In a statement released late on Friday night, Lesotho Prime Minister Moeketsi Majoro said his new Attorney General had instructed law firms in South Africa to apply for a stay of execution.

Picture: SAPS.

JOHANNESBURG – The Lesotho government on Friday said it had finally filed papers to stop court orders that give German company Frazer Solar the power to demand R850 million from the Kingdom.

Last month, Lesotho received notification that the High Court of South Africa had confirmed a default arbitral award in favour of Frazer Solar GmbH and ordered that the company could enforce attachment of Lesotho’s assets pursuant to that award.

In a statement released late on Friday night, Lesotho Prime Minister Moeketsi Majoro said his new Attorney General had instructed law firms in South Africa to apply for a stay of execution.

In the application, the government disputes that there is a binding supply agreement with Frazer Solar GmbH that can be enforced and that Frazer Solar fully knows this.

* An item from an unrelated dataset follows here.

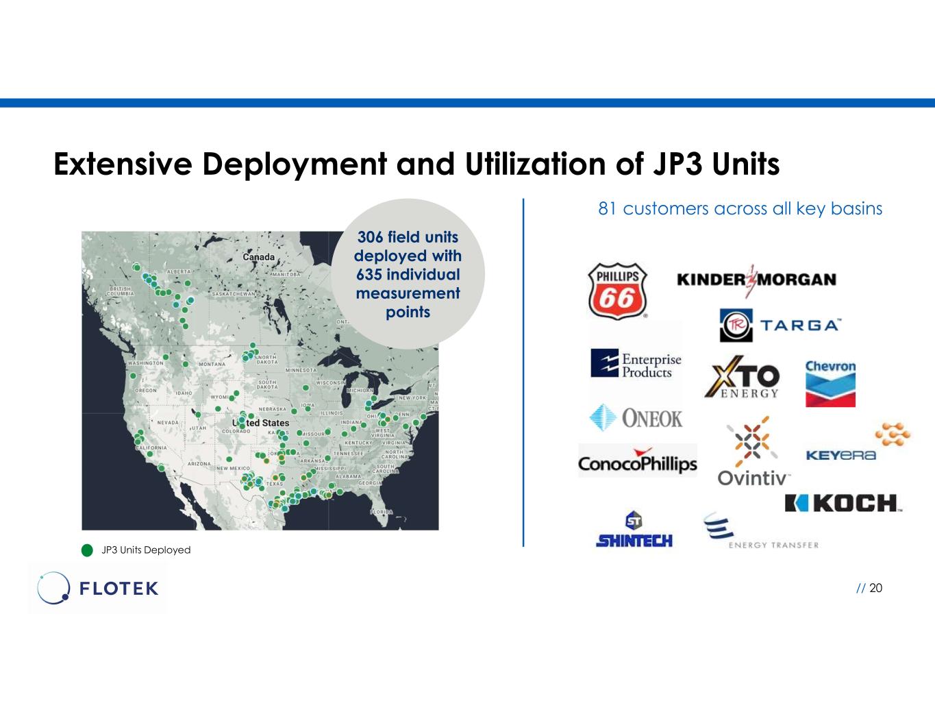 // 20 JP3 Units Deployed Extensive Deployment and Utilization of JP3 Units 81 customers across all key basins 306 field units deployed with 635 individual measurement points

A commission of inquiry will find out who is responsible for signing and why the country was caught napping through the court process, and a ministerial delegation was sent to South Africa to engage the republic.

It’s alleged that the minister in former Prime Minister Tom Thabane’s office, Ttemeki Tsolo, signed the agreement with Frazer Solar with no clearance from then minister of finance or the minister of energy.

Majoro was minister of finance at the time, and he said to his knowledge Lesotho never committed – while Tsolo claimed his signature was forged.

The agreement cites South Africa as the country whose courts have jurisdiction to enforce and arbitrate between the parties – but when Lesotho received the final order last month it was met with shock.

Frazer Solar has applied for enforcement of the arbitral award in South Africa, Mauritius, the United States, and the United Kingdom.

The assets in these countries include the water royalties from the Lesotho Highlands Water Project that are paid through the Trans-Caledon Tunnel Authority, accounts of the Lesotho electricity company accounts with Eskom, and Lesotho’s shareholding in the West Indian Ocean Undersea Cable Company headquartered in Mauritius.

Lesotho said it now had the Africa legal support facility of the African Development Bank on its side and had deployed a team of legal experts over the past week.

The Kingdom said law enforcement agencies were also investigating.